今は彼も自分の足で立ち上がって、駆け抜ける人の列に加わって、おぼつかない足取りででも、歩み出そうとしています。障害ゆえに目の前まで来たら、突然見えない重いドアに行く手を阻まれることが必ずあります。でもどうか絶望しないでほしいと思います。その時また、恐れず地を這って、そのドアを開いたら、後の誰かが続くことができるかも知れないからです。
なんとそれは価値ある事でしょう。もうすぐ、高校入試です。知りたいことが山ほどあって、今はなかなか勉強に集中できないようです。自立しようとしている彼に、もう私のくちばしを挟むときではないのですが、やっぱり、がんばってほしいと思っています。

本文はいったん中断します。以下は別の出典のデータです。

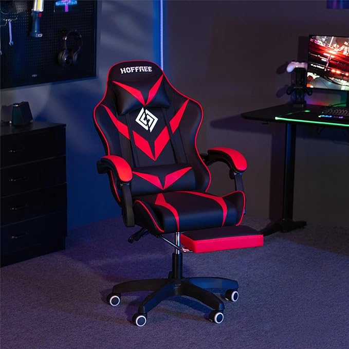 HOFFREE Massage Gaming Chair for Kids Computer Gamer Chair with Footrest and Lumbar Support Reclining PC Game Chair with Headrest for Gaming Room Red and Black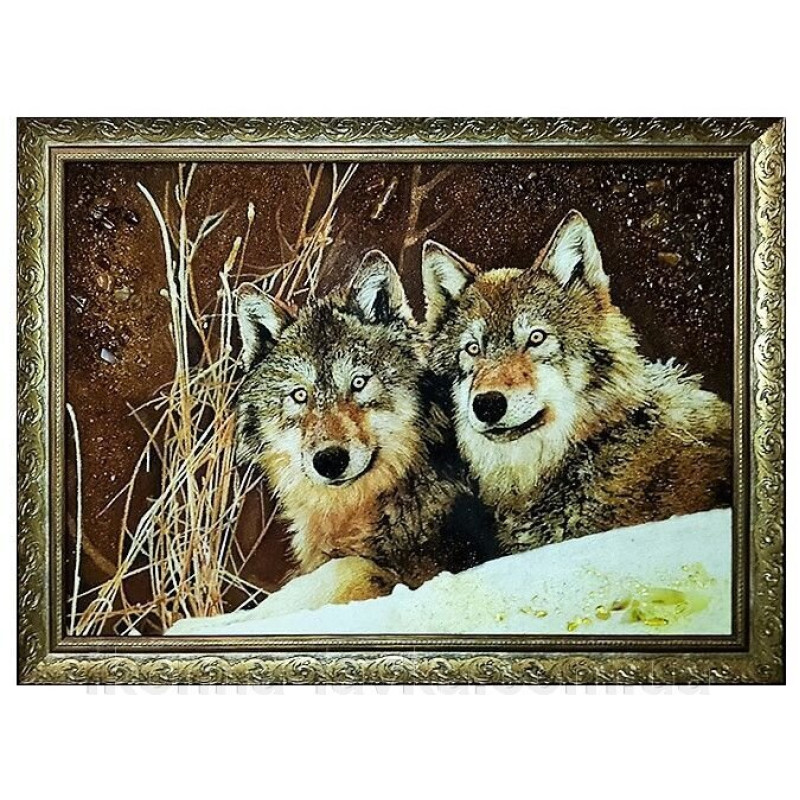 Картина з бурштину "Вовки" 20x30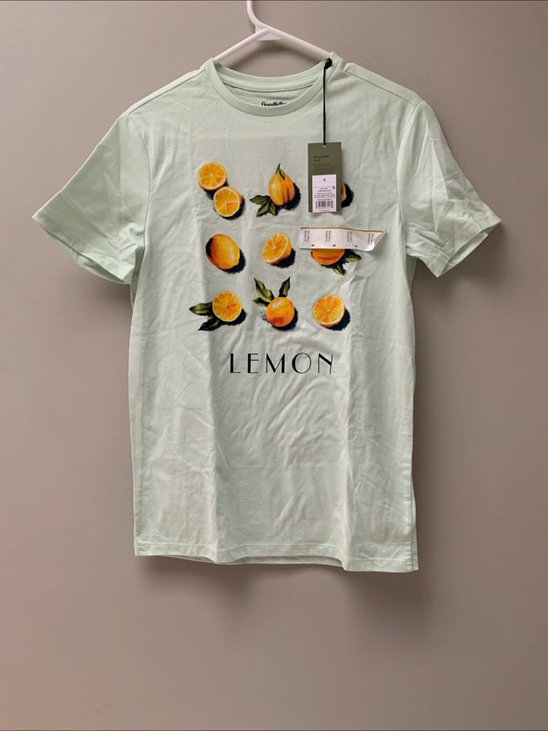 Cute light mint green t-shirt. Featuring a lemon graphic. Short sleeves. Offers a classic crew neckline. A perfect shirt for a relaxing day.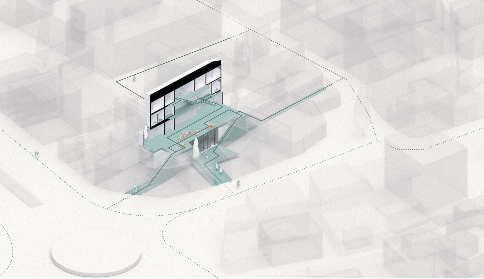 این فضای اشتراکی که تمام فضای طبقه اول پروژه را اشغال می کند، از طریق جاده عمومی و از طریق پله قابل دسترسی است، بدون اینکه مردم شهر نیازی به ورود به ساختمان یا مسدود شدن توسط کسی یا چیزی داشته باشند. به این ترتیب خیابان های شهر در داخل ساختمان ادامه یافت.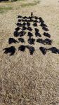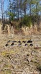 This was my last hunt of this season. Apologies for taking so long to post! This was a hunt at a deer camp about 1.5 hrs south of me. I know one of the members and he said there were always lots of crows in this certain field. I drove down one afternoon to check it out and set-up my blind. Unfortunately, the field I wanted to hunt was inaccessible due to heavy rain the day before. And I was not about to press my luck crossing a raging creek in the middle of nowhere, by myself. So, I found a spot on my side of the creek and went to work. This was a corn field that they never harvested- just cut it down and left it. So there was plenty of food there. I hunted til about noon and got 10. I had one double and one surprise scotch double. I set up in a narrow strip of trees/brush that had grown up along a small drainage ditch in the middle of a large field. The scotch double came when a big bunch of crows lifted off the field I was supposed to be hunting and a group of them flew right over me. I kept expecting them to turn over my decoys and downed birds but they never did. They just flew directly over my blind. When I realized they were not going to turn I threw-up my gun and fired at the last second. There were several of them very close together but it never crossed my mind that I may have hit more than one. They were so far over my head that the only reason I knew I hit one was by hearing it crashing thru the brush behind my blind. When I got out of the blind awhile later I was shocked to see 2 down crows within a few feet of each other. Does it count when it happens this way?? I hope to get at that other field next season!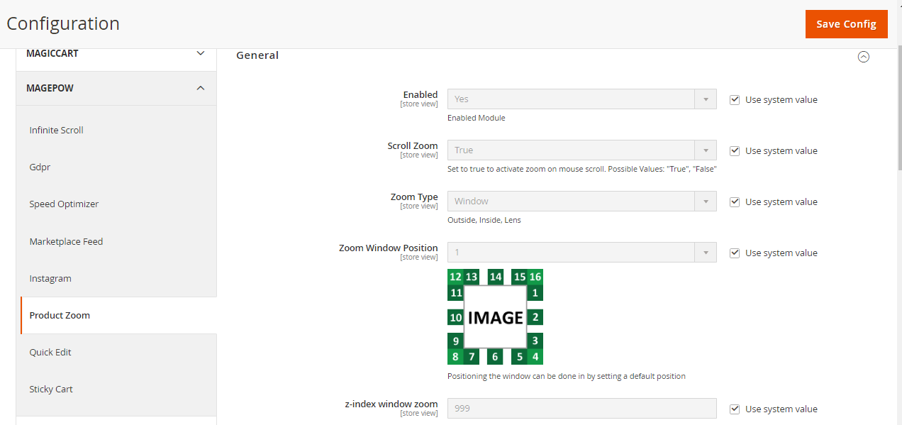 To Config and Manage Product Zoom, go to Admin Panel > Stores > Settings > Configuration > MAGEPOW > Product Zoom as the image below

地を這ってきた日々の、そのがまん強さをなくさないで欲しいのです。障害を持って生まれてきたことは、無限の可能性を自分の障害の中に、示し続けることだと私は教わったからです。
また、障害は先祖のたたりか、のろい、罪の報いのように思われていて、その考えがどれほど障害者を傷つけていることでしょう。
「この人が罪を犯したのでもなく、両親でもありません。神のわざがこの人に現れるためです。」聖書はこう語っています。